▸ PROBLEM DETAILS:
For the listing below, the answer is an exact retyping of the lines from the one with "Bàn chải đánh" through the one with "Baby Body Suit", both included, without pictures.

▸ DATA TO PROCESS:
========
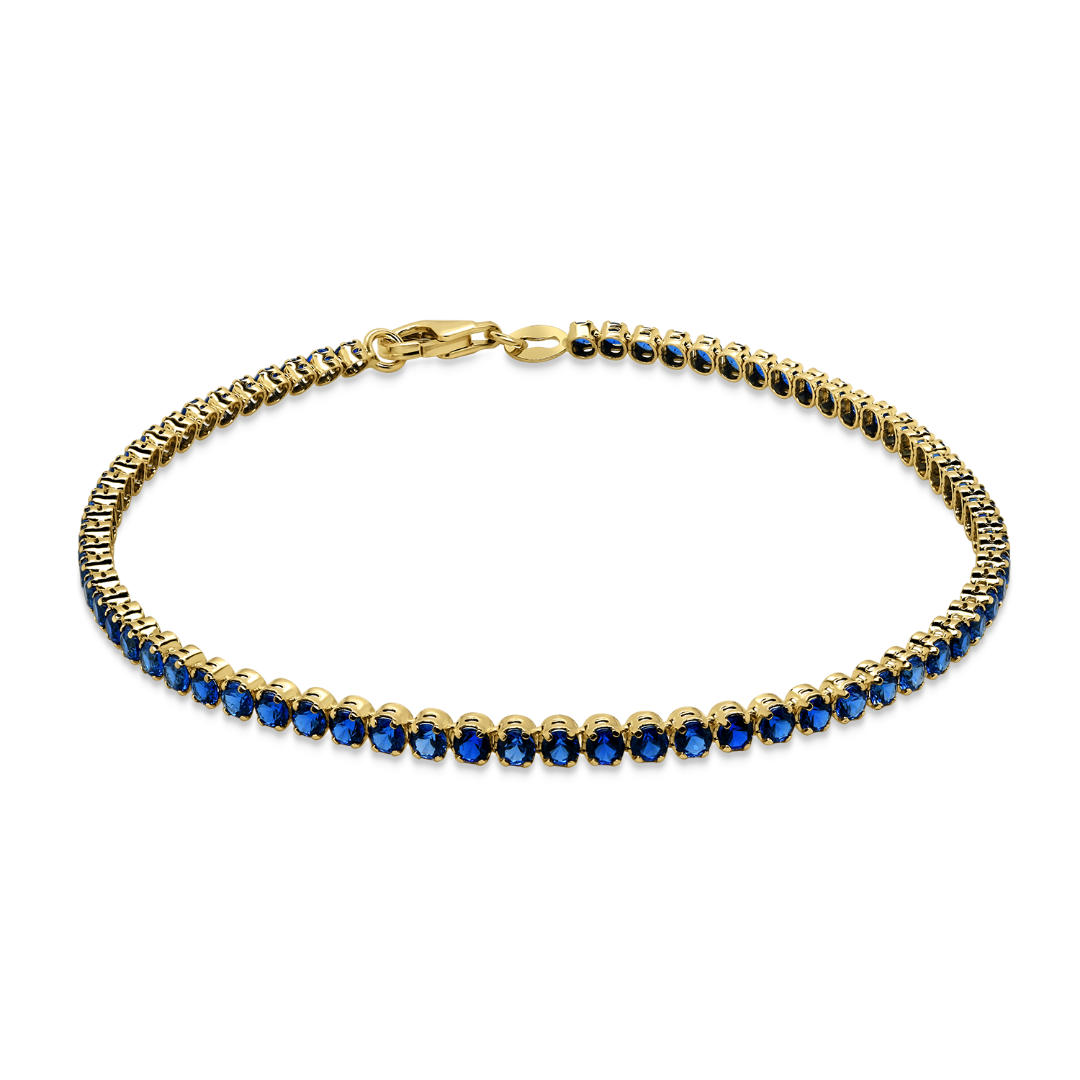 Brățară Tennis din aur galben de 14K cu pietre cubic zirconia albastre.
========
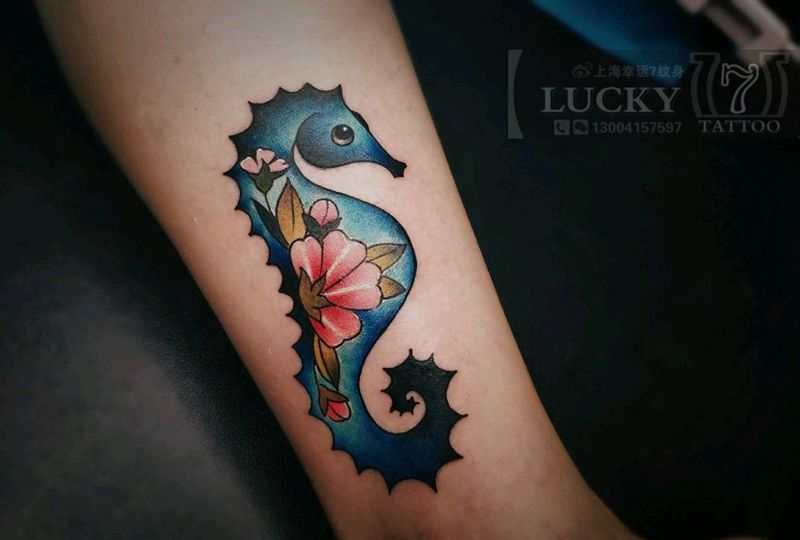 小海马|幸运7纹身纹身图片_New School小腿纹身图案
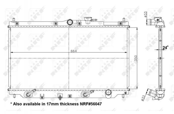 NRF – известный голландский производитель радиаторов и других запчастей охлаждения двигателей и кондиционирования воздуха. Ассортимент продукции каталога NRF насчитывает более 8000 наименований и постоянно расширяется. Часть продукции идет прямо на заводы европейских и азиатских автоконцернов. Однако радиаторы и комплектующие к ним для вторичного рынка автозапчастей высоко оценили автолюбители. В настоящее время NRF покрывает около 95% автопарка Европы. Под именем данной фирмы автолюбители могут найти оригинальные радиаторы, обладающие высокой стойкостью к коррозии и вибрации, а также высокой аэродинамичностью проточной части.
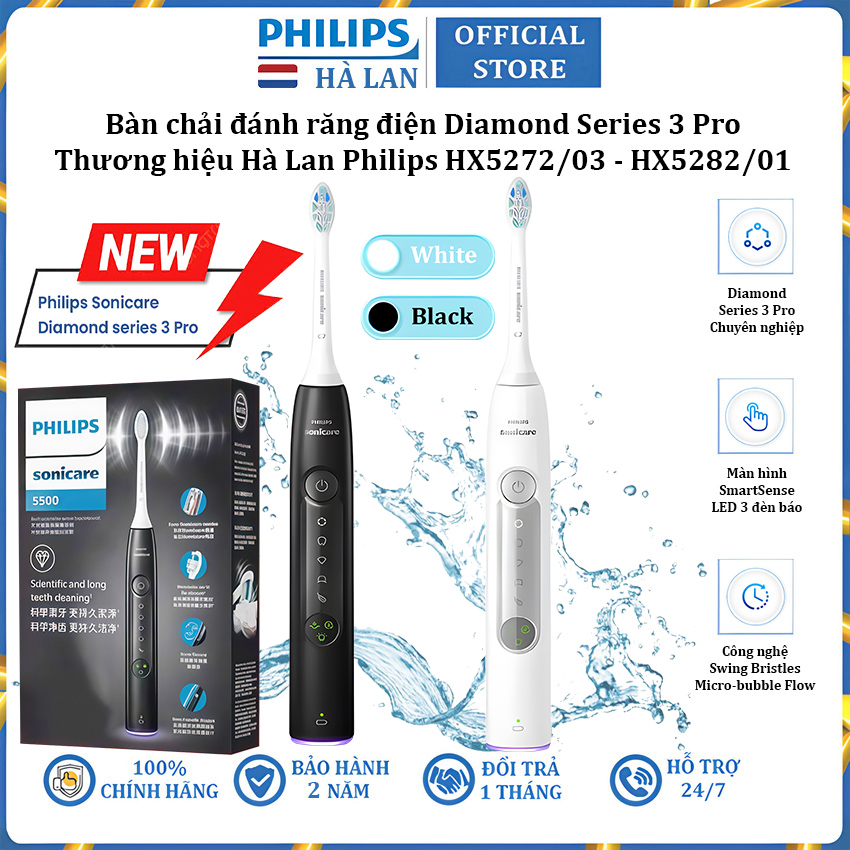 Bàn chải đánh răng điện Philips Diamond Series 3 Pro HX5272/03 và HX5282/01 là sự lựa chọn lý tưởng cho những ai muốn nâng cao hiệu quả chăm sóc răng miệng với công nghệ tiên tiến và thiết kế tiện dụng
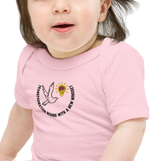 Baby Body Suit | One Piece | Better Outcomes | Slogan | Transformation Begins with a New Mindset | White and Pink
========
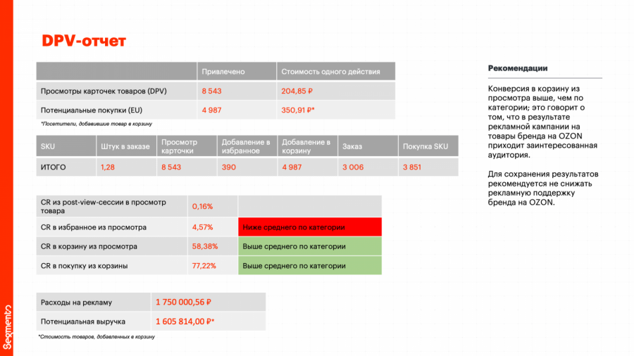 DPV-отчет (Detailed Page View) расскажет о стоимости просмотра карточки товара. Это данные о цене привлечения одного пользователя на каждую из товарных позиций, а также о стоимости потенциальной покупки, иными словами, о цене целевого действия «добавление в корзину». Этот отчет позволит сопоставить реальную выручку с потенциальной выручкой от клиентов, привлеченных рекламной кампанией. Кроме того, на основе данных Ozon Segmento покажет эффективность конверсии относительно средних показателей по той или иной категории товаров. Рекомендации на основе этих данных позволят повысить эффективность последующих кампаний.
========
▸ RESPONSE TO THIS EXERCISE:
 Bàn chải đánh răng điện Philips Diamond Series 3 Pro HX5272/03 và HX5282/01 là sự lựa chọn lý tưởng cho những ai muốn nâng cao hiệu quả chăm sóc răng miệng với công nghệ tiên tiến và thiết kế tiện dụng
 Baby Body Suit | One Piece | Better Outcomes | Slogan | Transformation Begins with a New Mindset | White and Pink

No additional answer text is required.